Other SPC member companies including Microsoft, General Mills, and Costco will begin introducing the label on some of their products. The label is partially based on the On-Pack Recycling Label in the United Kingdom, which also breaks down each packaging component and declares how commonly it’s recycled.

California Clean Tech leads the pack

Clean Edge, a research and advisory firm devoted to the clean-tech sector, has published its third annual State Clean Energy Index, in which the 50 states are ranked according to their adoption of clean energy initiatives. The clean energy indicators tracked by Clean Edge include total electricity produced by clean-energy sources, the number of hybrid and electric vehicles on the road, clean-energy venture and patent activity, and policy regulations and incentives.
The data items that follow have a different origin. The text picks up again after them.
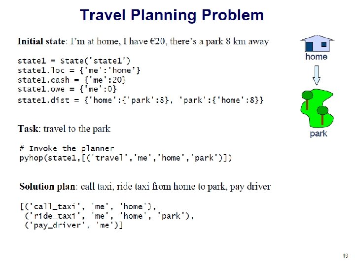 Biblioteca de Planos • Uma ideia fundamental é o ganho de eficiência pelo reuso de planos previamente construídos – A partir de experiências passadas. . . – É necessário ter poder de generalização • Passar protetor solar antes de ir à praia, independente de qual seja o nome da praia. . .
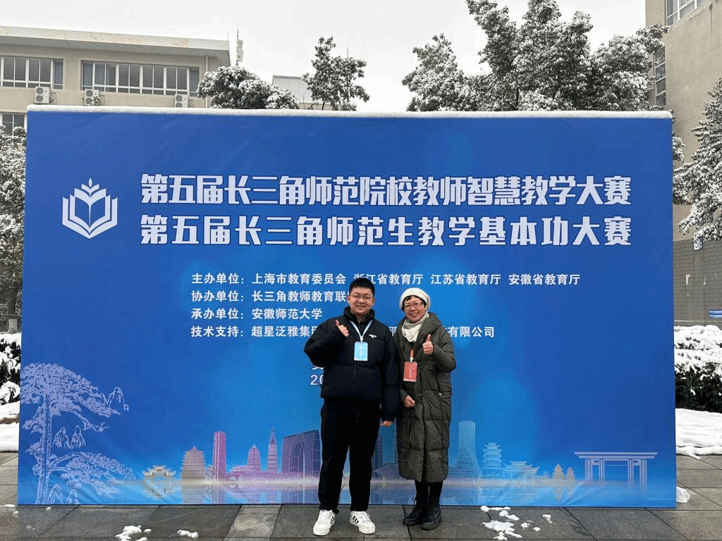 2023年12月18日,第五届长三角师范生基本功大赛在安徽师范大学举行,公司2020思想政治教育卓越班胡力帆同学获得一等奖,这是继2020年思政教育专业学子获长三角比赛一等奖后的再次获奖。
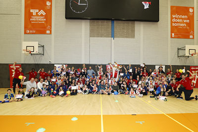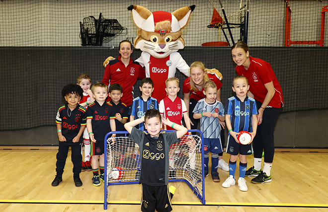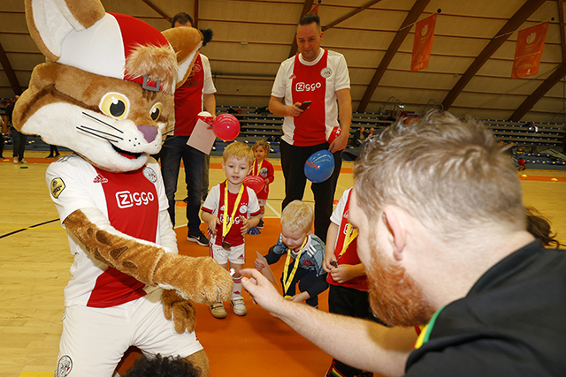 Voetjebal is bedacht voor peuters en kleuters vanaf 2 jaar, die het leuk vinden om actief bezig te zijn. Nou, dat laat Lucky zich geen twee keer zeggen. De vrolijke lynx trommelde meteen een flinke groep Ajaxsupportertjes op, om samen plezier te maken. Maar liefst 121 Debutantjes en Dribbelaartjes waren zaterdag van de partij in Amsterdam.
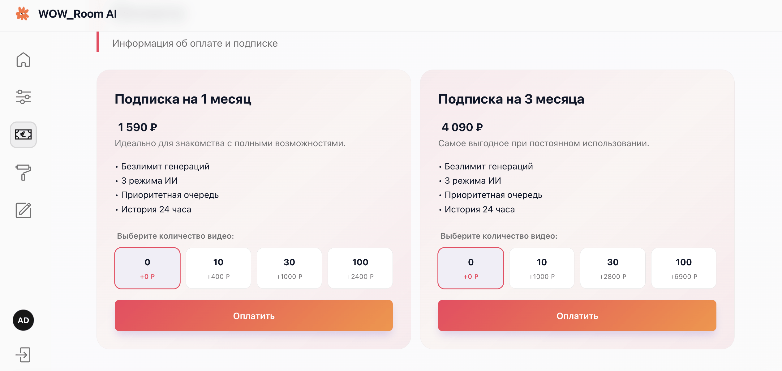 Система истории и лимитов: Разработка личного кабинета с хранением истории генераций (24 часа) и интеграция эквайринга для работы по подписной модели (SaaS).

For the third consecutive year, California is the top-ranked state. “During 2011, California led the nation in almost every measure of market expansion including new wind and solar capacity, deployment of hybrid and all-electric vehicles, and registration of new green buildings,” according to the report. “California’s most commanding example of leadership is its attraction of venture capital—California-based clean-energy startups brought in nearly $9 billion in investments over the last three years, enough to surpass the sum of activity in all 49 other states.”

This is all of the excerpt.